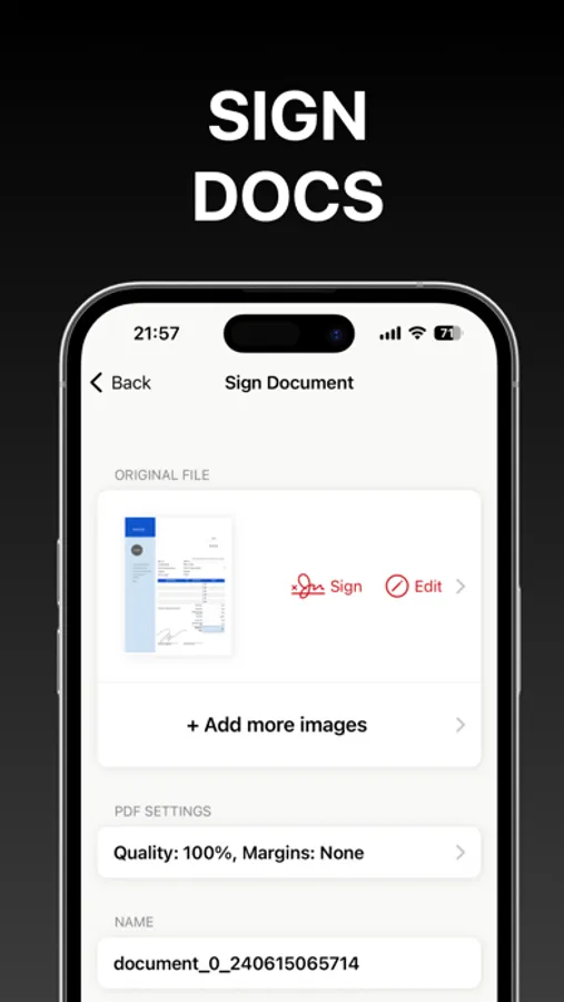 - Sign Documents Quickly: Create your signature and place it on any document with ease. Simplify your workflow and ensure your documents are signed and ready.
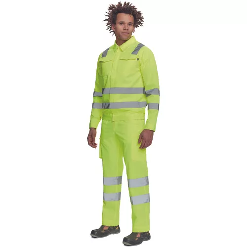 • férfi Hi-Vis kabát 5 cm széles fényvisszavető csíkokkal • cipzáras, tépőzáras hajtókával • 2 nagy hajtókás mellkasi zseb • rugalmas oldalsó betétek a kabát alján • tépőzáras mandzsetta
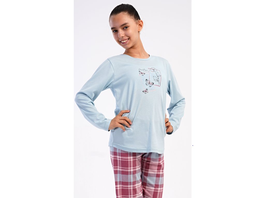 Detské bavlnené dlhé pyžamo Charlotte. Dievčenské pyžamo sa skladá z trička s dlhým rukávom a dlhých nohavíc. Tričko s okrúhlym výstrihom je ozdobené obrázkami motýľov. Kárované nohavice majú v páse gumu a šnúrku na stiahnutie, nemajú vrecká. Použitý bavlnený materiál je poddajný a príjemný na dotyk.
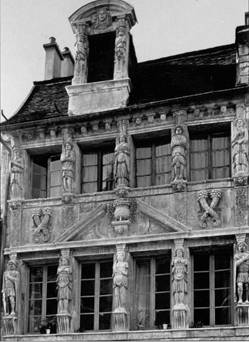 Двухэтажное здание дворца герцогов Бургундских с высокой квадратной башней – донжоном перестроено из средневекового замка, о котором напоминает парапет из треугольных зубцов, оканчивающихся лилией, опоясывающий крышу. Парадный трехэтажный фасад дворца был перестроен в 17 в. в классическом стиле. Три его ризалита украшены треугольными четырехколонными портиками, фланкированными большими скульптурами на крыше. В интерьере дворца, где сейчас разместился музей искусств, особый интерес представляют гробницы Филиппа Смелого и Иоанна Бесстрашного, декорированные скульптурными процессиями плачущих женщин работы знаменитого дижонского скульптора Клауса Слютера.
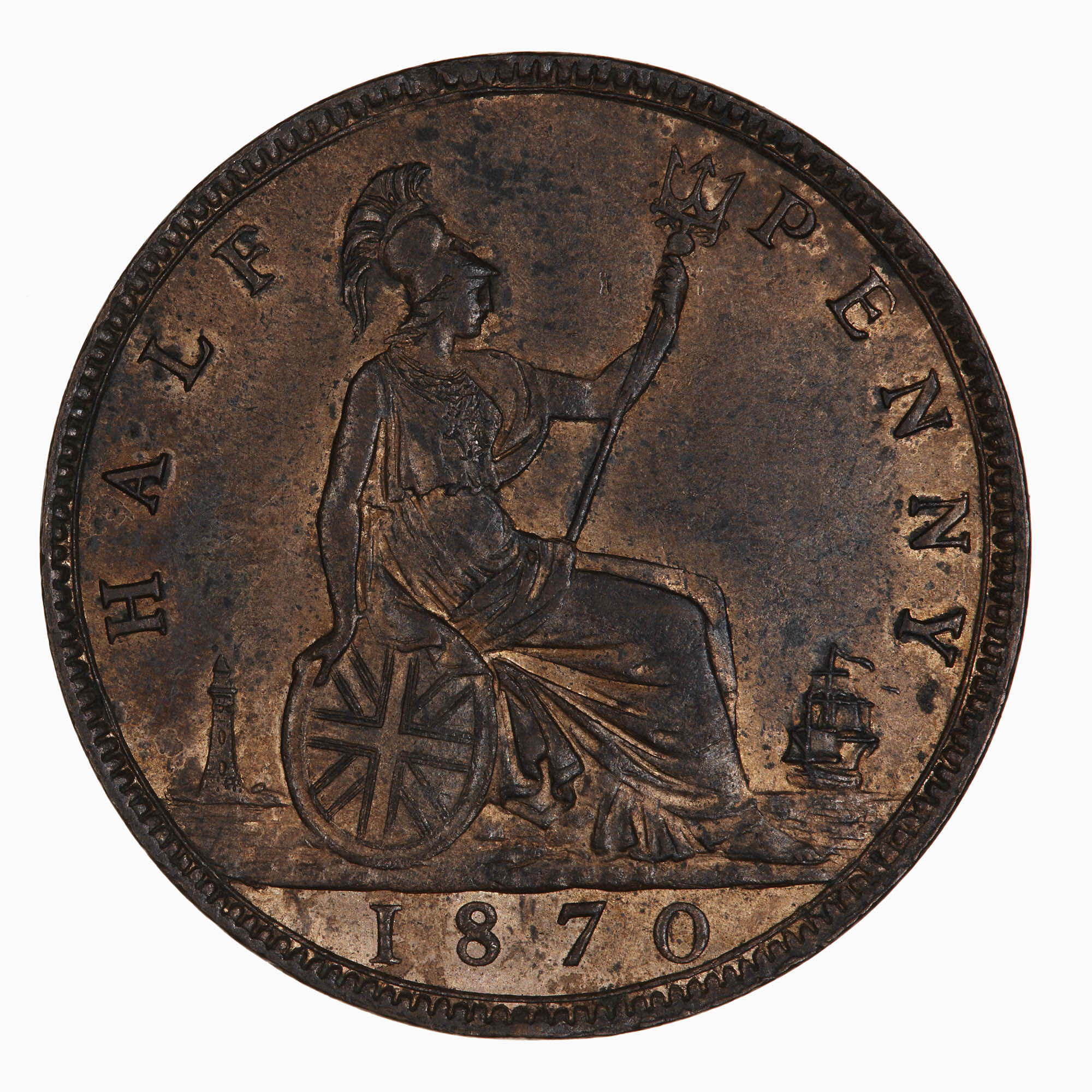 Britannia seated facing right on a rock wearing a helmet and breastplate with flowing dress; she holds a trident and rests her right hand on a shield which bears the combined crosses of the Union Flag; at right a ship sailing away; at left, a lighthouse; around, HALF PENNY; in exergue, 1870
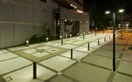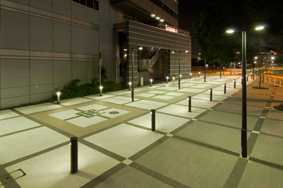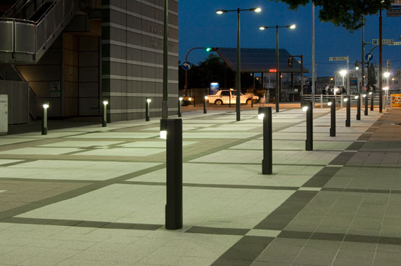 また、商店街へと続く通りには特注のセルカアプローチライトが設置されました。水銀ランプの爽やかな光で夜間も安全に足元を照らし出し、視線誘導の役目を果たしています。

---+---

Provide the lines again, unchanged, from where the data above begins through the line containing "alján • tépőzáras mandzsetta", both ends included, omitting pictures and adding nothing.

_Response to this task_:
 - Sign Documents Quickly: Create your signature and place it on any document with ease. Simplify your workflow and ensure your documents are signed and ready.
 • férfi Hi-Vis kabát 5 cm széles fényvisszavető csíkokkal • cipzáras, tépőzáras hajtókával • 2 nagy hajtókás mellkasi zseb • rugalmas oldalsó betétek a kabát alján • tépőzáras mandzsetta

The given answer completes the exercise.